▸ EXERCISE DESCRIPTION: Starting at the first line of the data, please print exactly those lines through the one that holds "Die geringe Energiedichte", omitting every picture.

Top of SUPPLIED MATERIAL

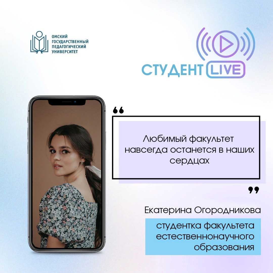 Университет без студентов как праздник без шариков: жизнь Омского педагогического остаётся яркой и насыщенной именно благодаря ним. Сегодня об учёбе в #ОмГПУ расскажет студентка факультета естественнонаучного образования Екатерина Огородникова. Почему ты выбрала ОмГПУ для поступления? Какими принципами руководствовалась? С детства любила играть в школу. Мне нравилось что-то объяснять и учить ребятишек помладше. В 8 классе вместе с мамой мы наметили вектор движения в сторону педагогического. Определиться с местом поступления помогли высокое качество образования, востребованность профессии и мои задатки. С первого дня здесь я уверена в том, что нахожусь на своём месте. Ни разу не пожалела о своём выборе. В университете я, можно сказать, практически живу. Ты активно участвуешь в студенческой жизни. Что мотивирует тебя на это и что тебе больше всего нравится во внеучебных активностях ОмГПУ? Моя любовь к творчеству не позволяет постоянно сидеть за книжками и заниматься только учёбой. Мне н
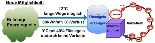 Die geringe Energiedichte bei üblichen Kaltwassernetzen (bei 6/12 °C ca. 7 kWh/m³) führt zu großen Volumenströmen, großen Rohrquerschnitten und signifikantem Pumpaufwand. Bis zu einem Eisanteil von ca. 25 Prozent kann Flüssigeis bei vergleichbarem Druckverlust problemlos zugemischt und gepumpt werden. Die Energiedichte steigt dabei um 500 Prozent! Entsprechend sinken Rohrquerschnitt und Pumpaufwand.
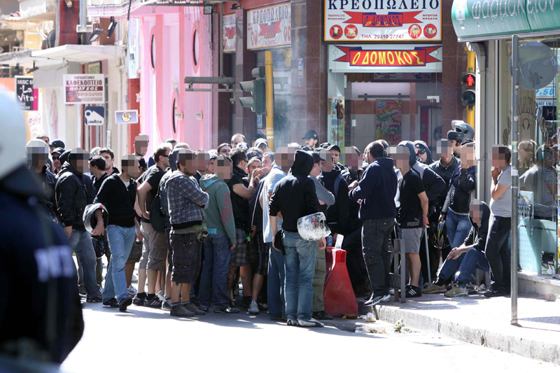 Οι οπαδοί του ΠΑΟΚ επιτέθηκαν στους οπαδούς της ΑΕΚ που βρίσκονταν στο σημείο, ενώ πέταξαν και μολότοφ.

Bottom of SUPPLIED MATERIAL

▸ EXERCISE RESULT:
 Университет без студентов как праздник без шариков: жизнь Омского педагогического остаётся яркой и насыщенной именно благодаря ним. Сегодня об учёбе в #ОмГПУ расскажет студентка факультета естественнонаучного образования Екатерина Огородникова. Почему ты выбрала ОмГПУ для поступления? Какими принципами руководствовалась? С детства любила играть в школу. Мне нравилось что-то объяснять и учить ребятишек помладше. В 8 классе вместе с мамой мы наметили вектор движения в сторону педагогического. Определиться с местом поступления помогли высокое качество образования, востребованность профессии и мои задатки. С первого дня здесь я уверена в том, что нахожусь на своём месте. Ни разу не пожалела о своём выборе. В университете я, можно сказать, практически живу. Ты активно участвуешь в студенческой жизни. Что мотивирует тебя на это и что тебе больше всего нравится во внеучебных активностях ОмГПУ? Моя любовь к творчеству не позволяет постоянно сидеть за книжками и заниматься только учёбой. Мне н
 Die geringe Energiedichte bei üblichen Kaltwassernetzen (bei 6/12 °C ca. 7 kWh/m³) führt zu großen Volumenströmen, großen Rohrquerschnitten und signifikantem Pumpaufwand. Bis zu einem Eisanteil von ca. 25 Prozent kann Flüssigeis bei vergleichbarem Druckverlust problemlos zugemischt und gepumpt werden. Die Energiedichte steigt dabei um 500 Prozent! Entsprechend sinken Rohrquerschnitt und Pumpaufwand.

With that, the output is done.